Every student has a story. For international students coming to the United States for their education means crossing oceans, cultural boundaries and, in rare cases, having to tackle the challenge of communication with their peers and professors.
According to the Institute of International Education, a nonprofit, international students account for nearly four percent of the overall student population. In 2013, 819,644 international students were enrolled in American universities, this being the highest increase in four years.
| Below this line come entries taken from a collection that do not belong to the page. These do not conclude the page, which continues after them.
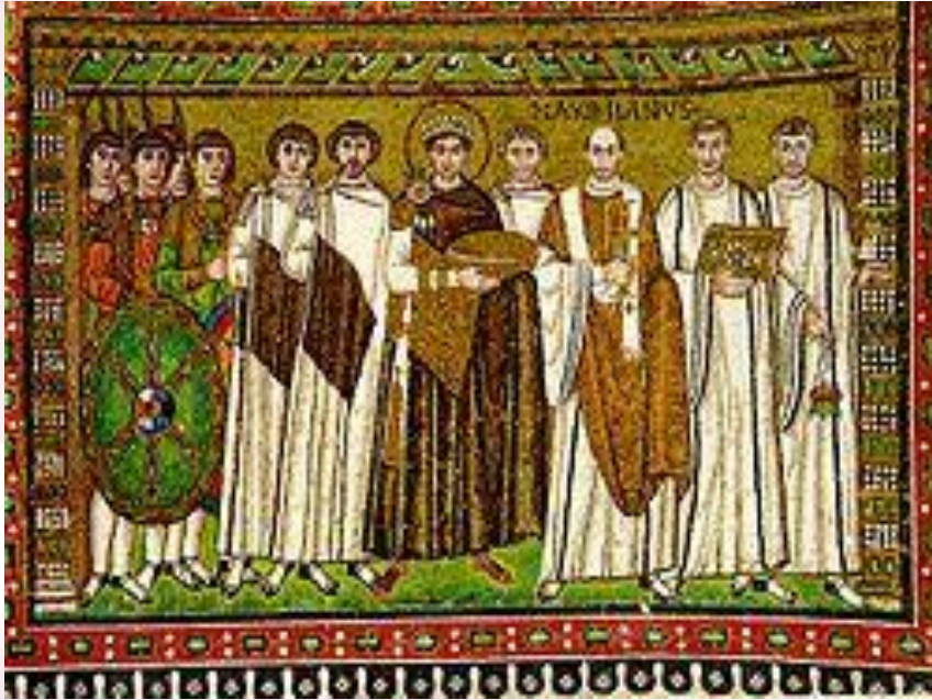
Юстиниан I. Мозаика церкви Сан-Витале в Равенне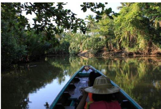
ภาพที่ 5 เมื่อวันที่ 9 พฤษภาคม 59 สองฝั่งคลองเต็มไปด้วยต้นจาก ต้นลำพู เพื่อต้นโกงกาง ต้นเหียงกลาหมอ เป็น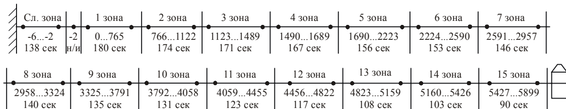
Рис.5.1.2. Структура дискового пространства SR.

Зонное распределение для семейства SR показано на Рис. 5.1.2.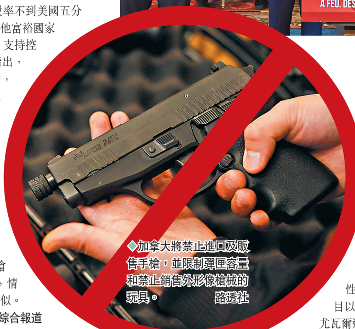
◆加拿大將禁止進口及販售手槍，並限制彈匣容量和禁止銷售外形像槍械的玩具。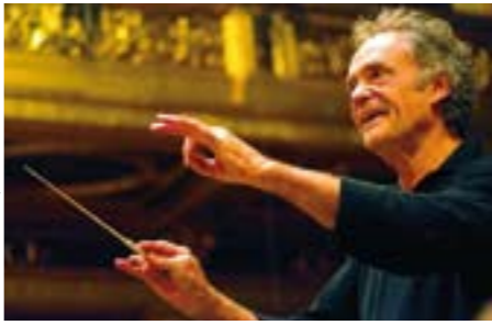
Le chef d'orchestre Jean-Claude Casadesus a fêté cette saison les 35 ans de son Orchestre National de Lille.

////// Oratorio ////////////////////////////////////// LE CHEF LILLOIS DIRIGE LE REQUIEM ALLEMAND DE BRAHMS.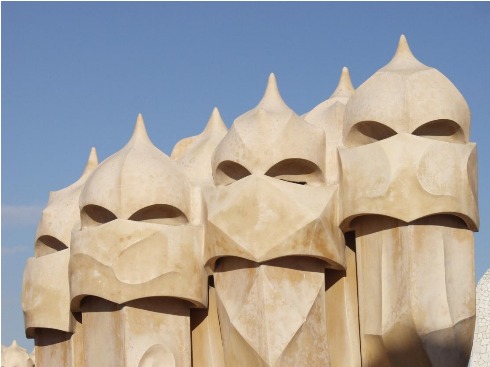
La Pedrera 1910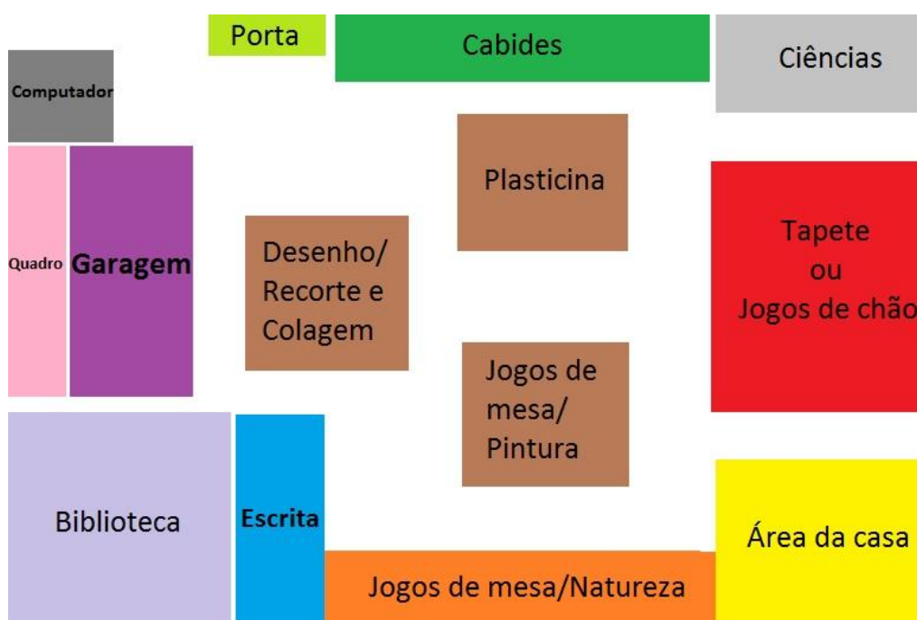
Figura C 2 - Planta da sala de atividades de JI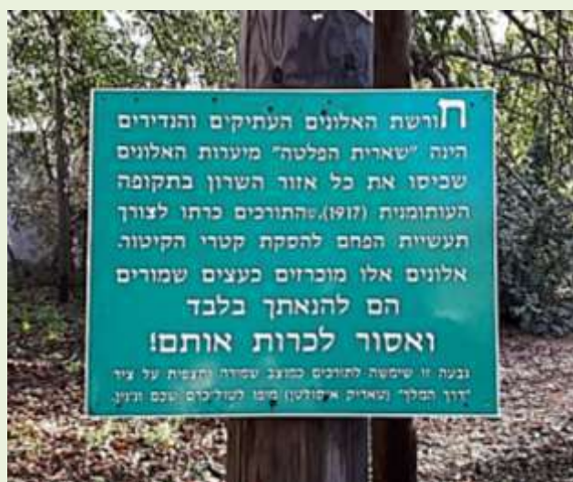
שלט השימור של חורשת האלונים צילום: איריס מורג, 2018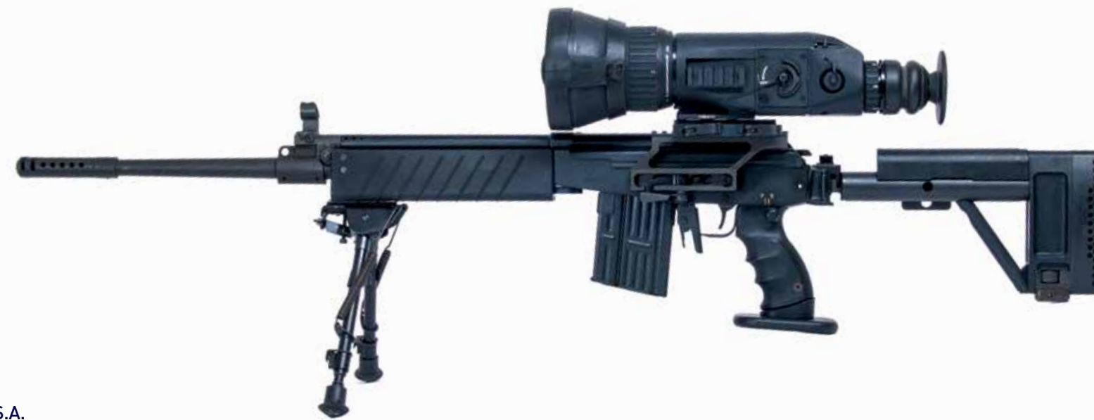
GALIL SNIPER S.A. 7,62 x 51 mm con MEPRO NOA 7X mira térmica sin refrigeración con aumento de 7x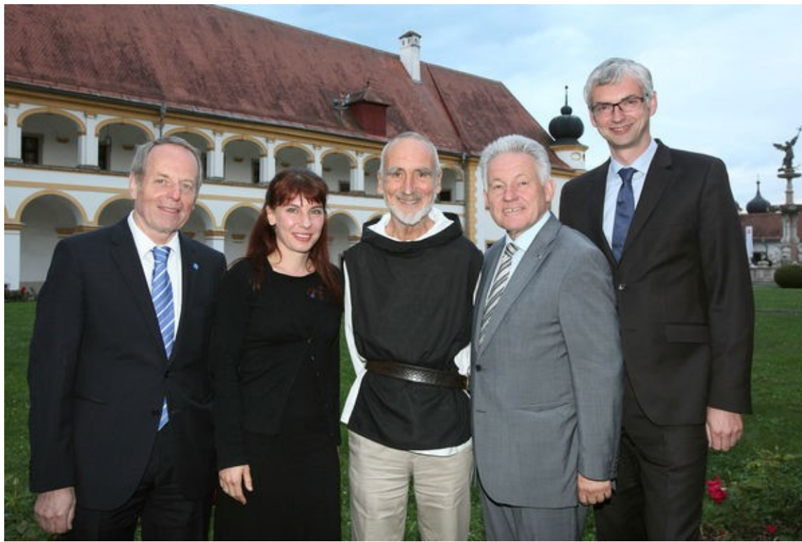
15. Reichersberger Pfingstgespräche, Linz, am 13.06.2011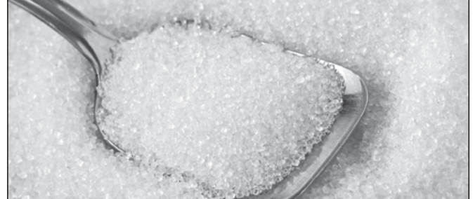
ပါက ၅၇၃၀ တန်ကျော် လျော့နည်းတင်သွင်းခဲ့ပါတယ်။ မတ်လ ၁၀ ရက်မှာ ဘုရင့်နောင် ကုန်စည်ဒိုင်ဇွေးအရ သကြားတစ်ပိဿာလျှင် ကျပ် ၁၄၀၀ မှ ၁၄၄၀ ကျပ်ရှိတယ်လို့ သိရပါတယ်။ မော်မော်အောင်

မြန်မာ-တရုတ်နယ်စပ်ရှိ မူဆယ်(၁၀၅) မိုင်ကုန်သွယ်ရေးဇုန်မှ မတ် ၄ ရက်မှ ၁၀ ရက် အထိ သီတင်းပတ်အတွင်း အမေရိကန်ဒေါ်လာ ၂၂ ဒသမ ၂၃၅ သန်းတန်ဖိုးရှိ Re-export သကြား ၃၄၈၁ တန်ကျော် တင်ပို့ခဲ့ပါတယ်။ ယခင် တစ်ပတ်က မူဆယ်မှသကြား ၄၈၈၇၀ တန်ကျော် တင်ပို့ခဲ့တဲ့ အတွက် ယခုတစ်ပတ်မှာ တရုတ်နိုင်ငံသို့ သကြားတန်ချိန် ၁၄၀၃၉ တန်ကျော် လျော့နည်း တင်ပို့ခဲ့တာတွေ့ရပါတယ်။ ချင်းရွှေဟော်မှ ယခင်တစ်ပတ်က သကြားဖြူ ၁၇ တန်ခွဲ တင်ပို့ခဲ့ပြီး ယခုတစ်ပတ်မှာ သကြားတင်ပို့မှု မရှိခဲ့ပါဘူး။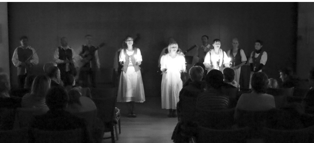
7. 12. / Adventní koncert – Musica Rustica „Přišli jsme k vám na koledu“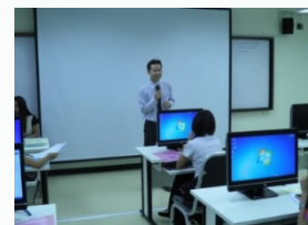
หลักสูตรการพัฒนาซอฟต์แวร์และ สื่อมัลติมีเดียเชิงพาณิชย์เพื่อชุมชน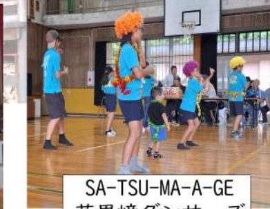
SA-TSU-MA-A-GE 花里崎ダンサーズ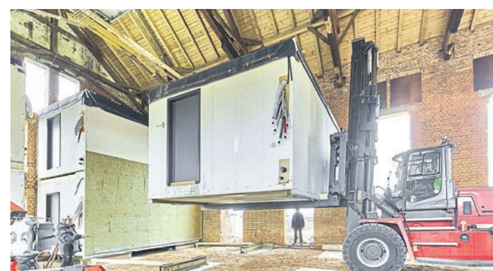
Schritt für Schritt werden die vorgefertigten Raummodule von Timber Homes in die bestehende Gebäudehülle des alten Sumpfhauses integriert.

Auch für Familien wird einiges geboten: Am Montessori-Kindergarten erwartet die kleinen Gäste ein Kinderprogramm mit Hüpfburg, während Eltern die Räumlichkeiten besichtigen können. Ergänzt wird das Angebot durch ein Gewinnspiel mit attraktiven Preisen, darunter Gutscheine für den Escape Room Dorfen und die Kramerei am Kreisel.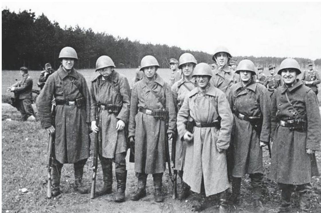
Диверсанты полка «Бранденбург» на Восточном фронте. 1941 г.

Накануне войны с СССР абвер усилил работу по вербовке русских белоэмигрантов и представителей национальных диаспор народов Советского Союза. Были организованы украинский батальон «Нахтигаль» (Соловей), грузинская группа «Тамара» и эстонская группа «Эрна» (см. соответствующие главы). В апреле 1941 г. II батальон полка принял участие в нападении на Югославию. В ходе боев особо отличились югославские фольксдойче. Тем временем численность полка росла вместе с увеличением числа рот в нем. Накануне вторжения в СССР диверсионные части были распределены по немецким армиям следующим образом: I батальон полка и батальон «Нахтигаль» были переданы в подчинение группы армий «Юг», II – в группу армий «Север», III батальон – в группу армий «Центр». Пополнение из граждан СССР позволило немцам роту агентов развернуть в целый батальон.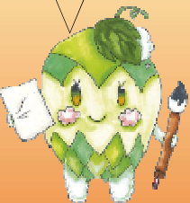
イメージキャラ ワッシャーくん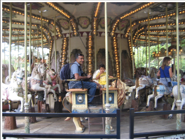
Et tournez manège...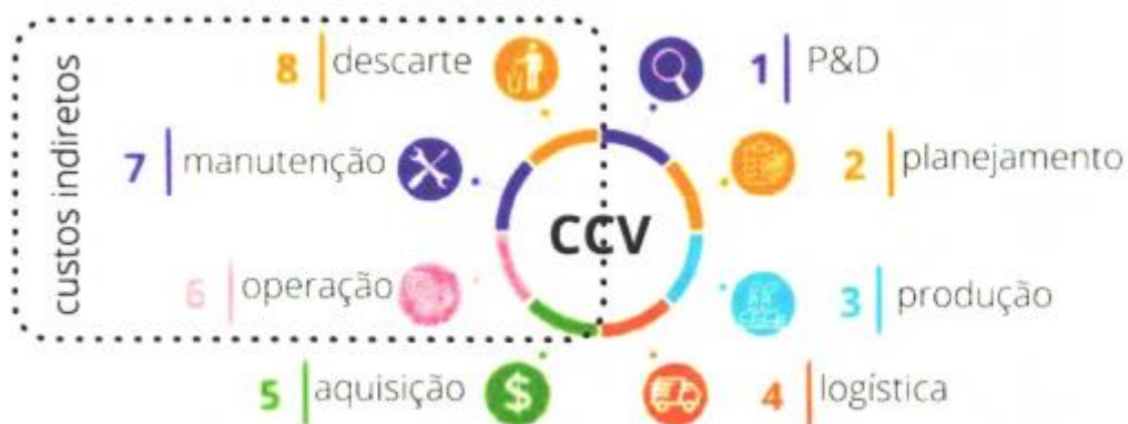
Figura I - Custo indiretos na perspectiva dos custos do ciclo de vida.

A metodologia da análise do ciclo de vida (ACV) deve ser considerada no modelo de compras sustentáveis. A análise do ciclo de vida (ACV) é obtida por meio do mapeamento das entradas, saídas e impactos ambientais potenciais de um sistema de produto/serviço ao longo do seu ciclo de vida.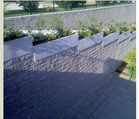
Dettaglio muro rampa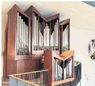
Orgel der Auferstehungskirche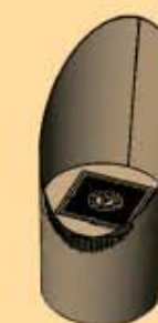
Dekorative Feuerstelle € 72,00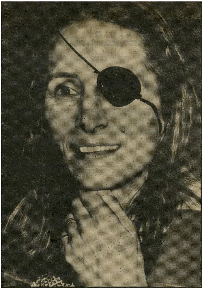
בת יעד והירושה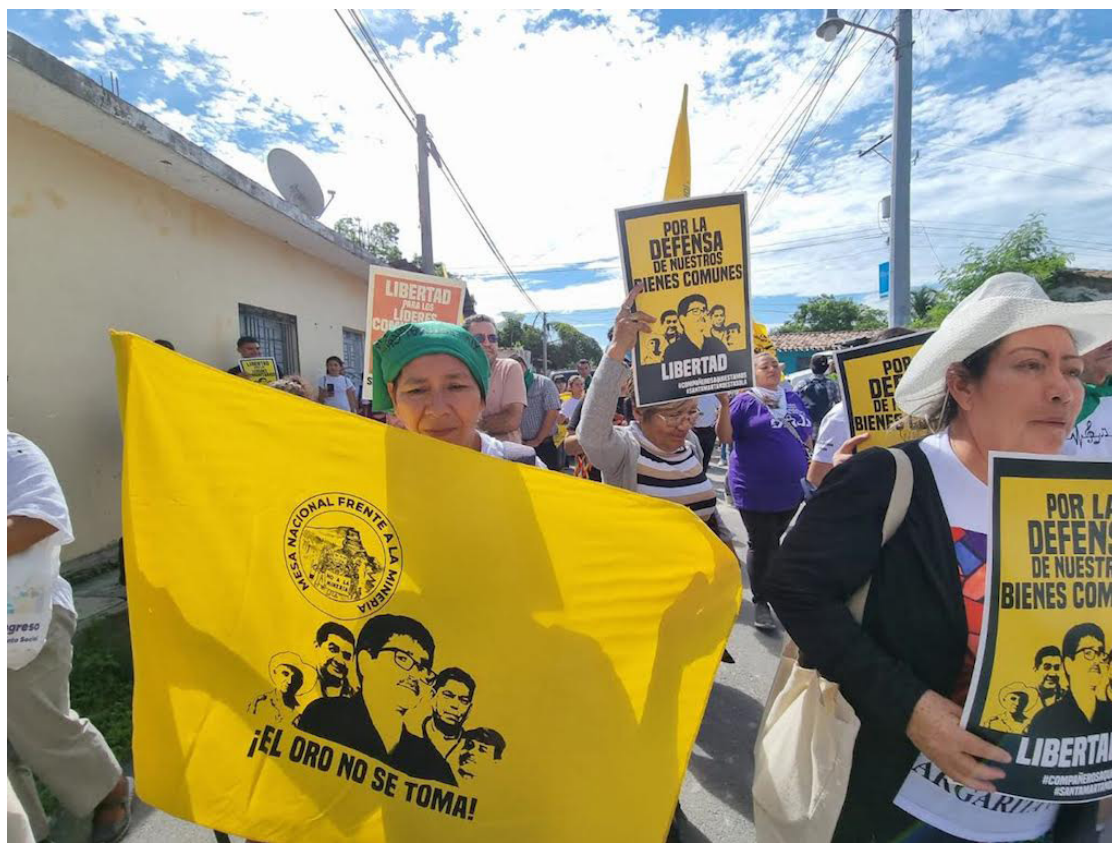
Las organizaciones ambientalistas y comunitarias de San Isidro, demandaron del Fiscal General de la República investigar a los autores intelectuales de los asesinados por el conflicto minero del 2009.

“Recientemente, las comunidades de Cabañas han denunciado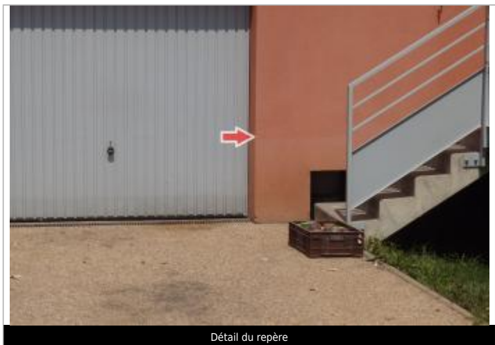
Détail du repère

MARQUE Visibilité : Oui État du repère : Disparu Pérennité : Aucune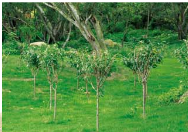
种植在高尔夫练习场山坡上的樱花树苗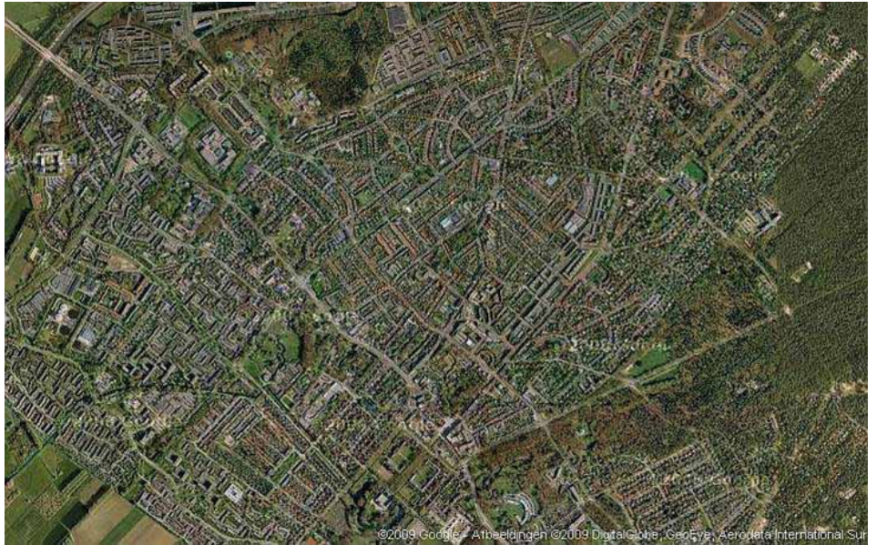
Luchtfoto laat zien hoe groen Zeist is.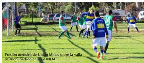
Presión ofensiva de Unión Minas sobre la valla de Islón, partido en SEGUNDA

10.00 y 11.45 horas. Cancha 1: Estudiantes Unidos v/s Sporting Bolívar. Cancha 2: Pedro Aguirre Cerda v/s Unión Morán. Cancha 3: Mermasol v/s Los Copihues. Cancha 4: Dinamo v/s Islón. Cancha 5: Alfalfares v/s Santo Domingo.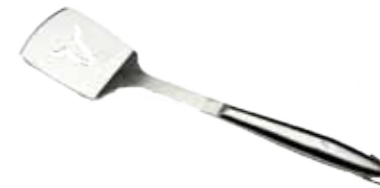
Abb. 17" Spatula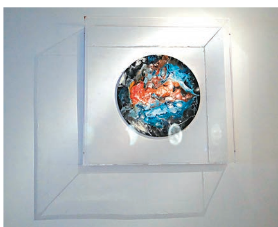
◆藝術家2016年的舊作《花蕊》。

由展覽的玄關，預備心情「入畫」，然後踏入 G/F「柔軟」區域，腳踩柔軟之地。一直向前走，穿過窄小入口，進入半黑的「風」區域，近距離觀看三幅 Rolland 最常創作的大圓畫。沿樓梯到 1/F，一個全黑的「速度」區域，地上布滿半反光黑布，反映最遠處的多媒體裝置藝術。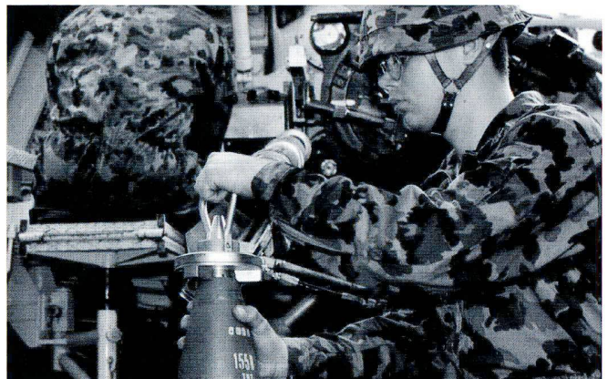
Les obus sont le cas échéant « tempés » à l'intérieur de la pièce à l'aide d'une clé.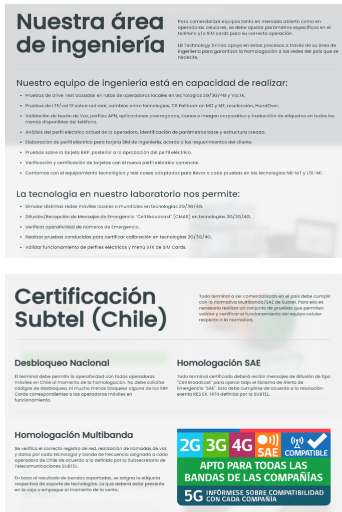
Imagen 1.

Para acreditar lo anterior, LB remitió una lista de clientes, con especificación de las pruebas efectuadas para cada uno. De igual forma, remitió al sitio WEB, donde se visualizan los servicios que esta empresa ofrece, según se observa de seguido: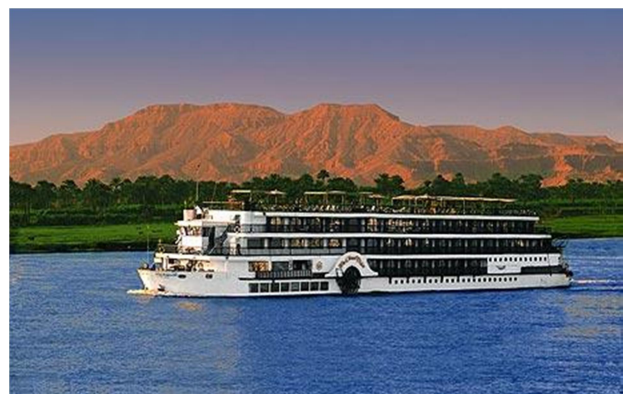
Creuer pel Nil

As universities try to grow their student bases by sending agents across the world, the lure of an American education has only grown by leaps and bounds. Yet why is it that parents are willing to send their children across the world to pay exponentially higher tuition bills when, in most cases there are universities in most cases that would suit their needs?
For Akshit Garg, a senior and Business Administration major and citizen of India, the experience of being abroad is the reason. “Kids want to explore more opportunities in other countries,” he said.
The transition was smoother than other students might expect. Having attended the Punjab Public School in India, students were instructed to speak only in English, so the boundary of language wasn’t a big hurdle. “After the first year, there wasn’t much of a difference,” Garg said.
That’s not to say that there haven’t been challenges to overcome. Sometimes for international students, it’s the simple things American students take for granted that can become everyday hurdles.
Going to the Registry of Motor Vehicles was an issue for Garg. “I went to the RMV. The guy wouldn’t give me a license because of my visa. They were asking me too many questions,” he said.
Yet for Garg there is something in the cultural makeup of American society that is very attractive. He commented on what he observed as a special kind of work ethic. “That’s what I like about U.S. culture; you have to work hard,” he said.
One can easily wonder about the expectations of international students from their parents. With a family business waiting for him back in India, he stressed that, in the end, his parents want him to be happy. With this in mind, he is unsure whether or not he will be returning to India but wants to take advantage of the study abroad experience he was fortunate enough to undertake.
Some international students have altogether different experiences. Saad Altaf, a medical engineering and computer science double-major and sophomore from Pakistan, the American cultural landscape leaves something to desire.
“Americans live to work, whereas back home we work to live,” Altaf said. Back in his home country, according to Altaf, “Work is a tool to get what you need.
Having come from Pakistan in the fall of 2012, the paranoia as a result of the Boston Marathon Bombings still hung in the air. “I came in the wrong time in Boston,” Altaf said.
Before coming to UMass Lowell, Altaf had a scholarship to study at New York University in New York City. While riding a bus heading to a school tour, he was pulled off and subjected to investigation because he was not a citizen. Carrying the I-94 form that certifies his legal entrance into the United States is something that he must think about.
Though Altaf observed that diversity has been an issue, he said, “This year is the first I’ve seen [UMass Lowell] grow in diversity.
Being a follower of Islam, Altaf found an inviting landscape, attending the weekly Friday prayer sessions with the Muslim Student Association. “That hasn’t been a problem at all,” he said.
In the end, Altaf knows he will return to Pakistan. For him, the education he is able to obtain in the United States will allow him to make a difference in his home country. “Our country is in a bit of a turmoil,” he said.